Thursday, May 12, 2011

Making Sense of It All

At a certain point in our lives, we'll ask those difficult questions: "What is the meaning of life?  Why do bad things happen to good people?  Why does living have to hurt so much?  Why was I put on this earth in this place in this time with these circumstances?"

These questions generally crop up when we're going through something difficult.  The death of a loved one.  Getting laid off or fired.  The loss of a cherished relationship.  A natural catastrophe.

We'll all searching and that's why I believe Science Fiction is such a widely read genre.  Sci-fi universes allow us to explore the themes, the what ifs, and look at ourselves as the ridiculous ants that we are.

The Tree Called Human: "You spoke a moment ago as if you believed that human beings have actually achieved intelligence.  I think not.  I think they have found a way to fake intelligence".


Hive Queen: "Self-delusion?"


The Tree:  "Even at their best, they never as individuals never rise beyond the level of manual laborers.  Who among them has the time to become intelligent?  Not one.  They never know anything.  They don't have enough years in their little lives to come to an understanding of anything at all and yet they think they understand.  From earliest childhood, they delude themselves into thinking they comprehend the world when really all that is going on is that they've got some primitive assumptions and prejudices.  As they get older, they learn a more elevated vocabulary in which to express their mindless pseudo-knowledge and bully other people into accepting their prejudices as if they were Truth, but it all amounts to the same thing--individually, human beings are all dolts".

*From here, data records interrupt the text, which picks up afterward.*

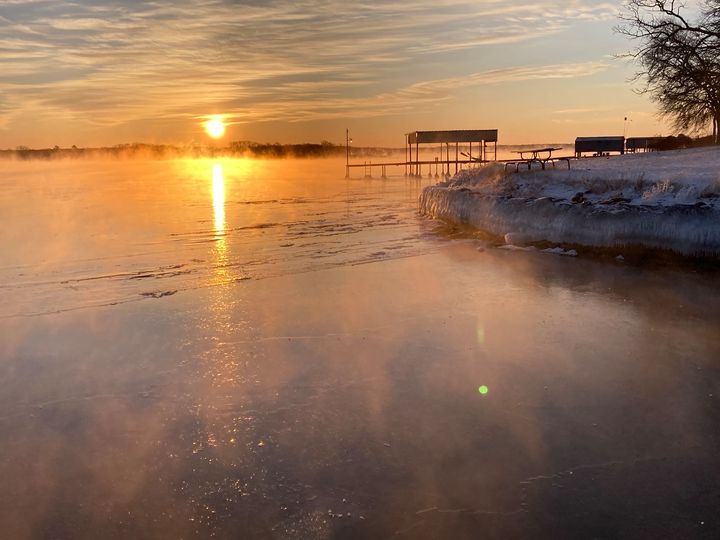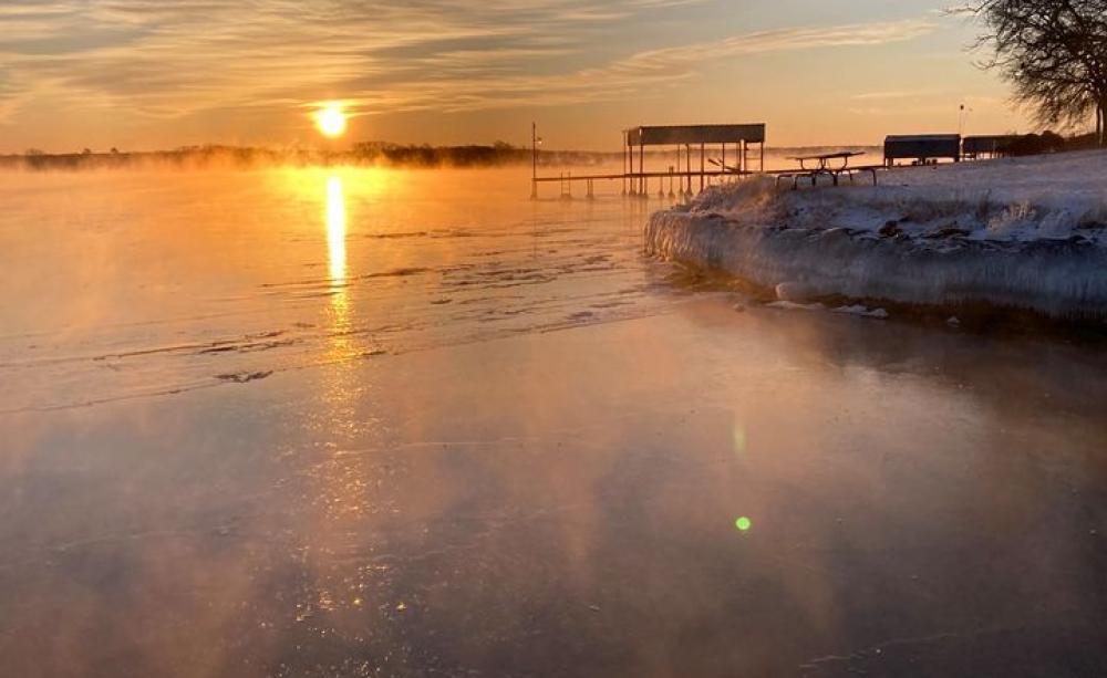 A frozen Eagle Mountain lake in Texas.
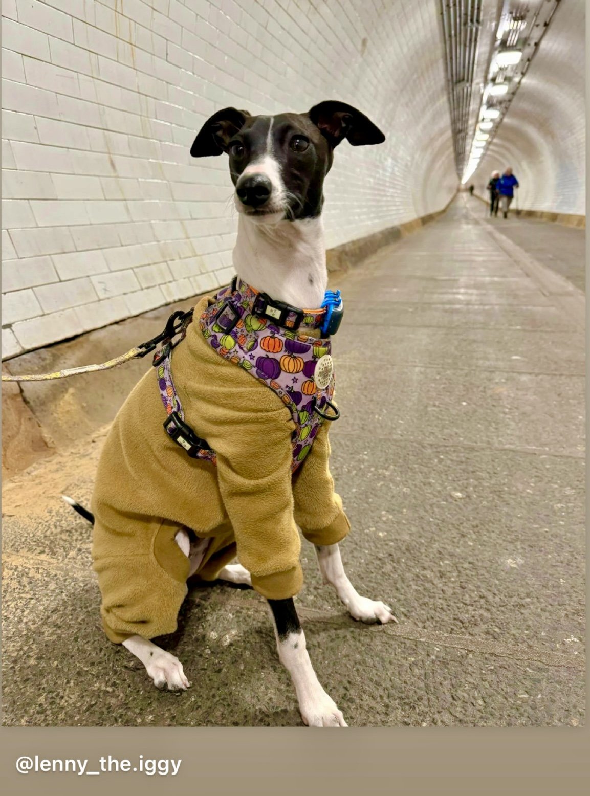 Our IggySuitsLondon fleece lined sweatshirt suit in Honey Yellow with 4 legs.
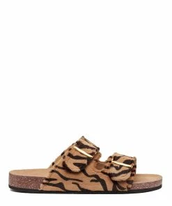 Sandales plates en pony imprimé tigre. Brides réglables. Doublées cuir et ornées de deux boucles carrées en métal dorée.
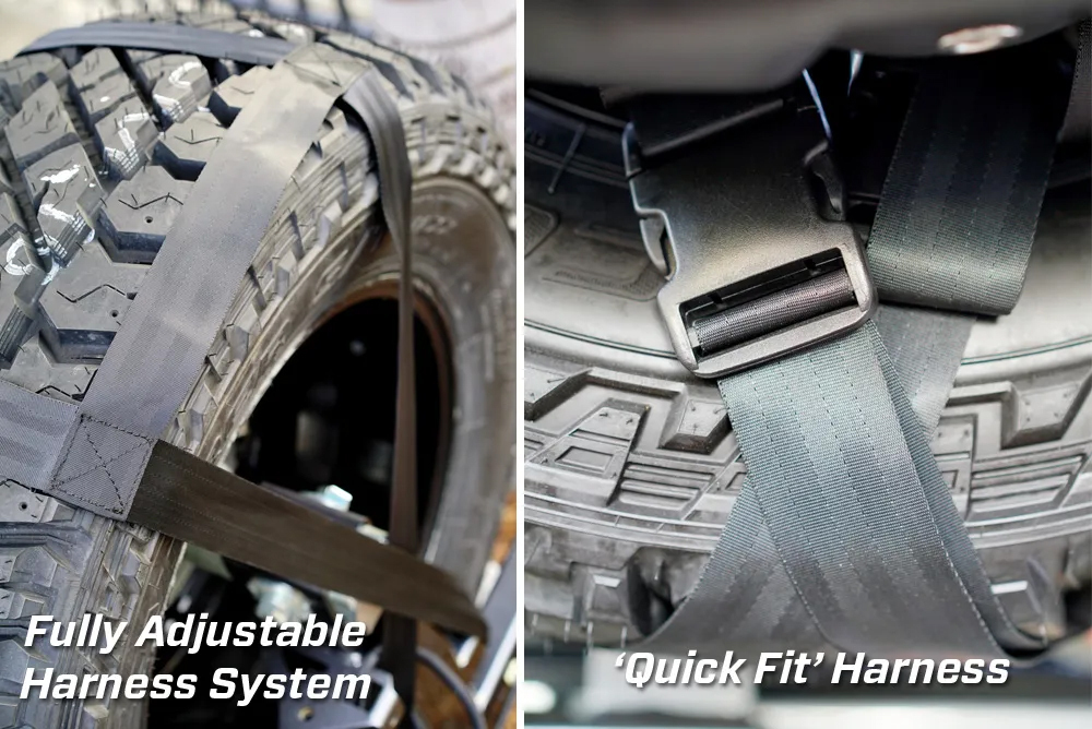 Guaranteed to withstand all that the Australian environment can throw at it and will not stiffen or crack in the cold and is machine washable. The strong, quick-fit 50mm harness system, that can be installed and removed in as little as 30 seconds, will fit any size car, caravan or camper spare tyre.

Hive Queen: "While collectively?"


The Tree:  "Collectively, they are a collection of dolts.  In all their scurrying around and pretending to be wise, throwing out idiotic, half-understood theories about this and that, one or two of them will come up with some idea that is just a little bit closer to the truth than what was already known and in a sort of fumbling trial and error, about half  the time, the truth actually rises to the top and becomes accepted by people who still don't understand it.  They simply adopt it as a new prejudice to be trusted blindly until the next dolt accidentally comes up with an improvement".
  
Hive Queen: "So you are saying that no one is ever individually intelligent and groups are even stupider than individuals and yet by keeping so many fools engaged in pretending to be intelligent, they still come up with some of the same results that an intelligent species would come up with?"


The Tree: "Exactly".


Hive Queen: "If they are so stupid and we're so intelligent, why do we have only one hive, which thrives here because a human being carried us and why have you been so utterly dependent on them for every technical and scientific advance that you make?"


The Tree Called Human: "Maybe intelligence isn't all it's cracked up to be."

Are we asking ourselves the big questions?  Are our employees?  Can we as a group of dolts accidentally stumble upon something a little closer to the truth?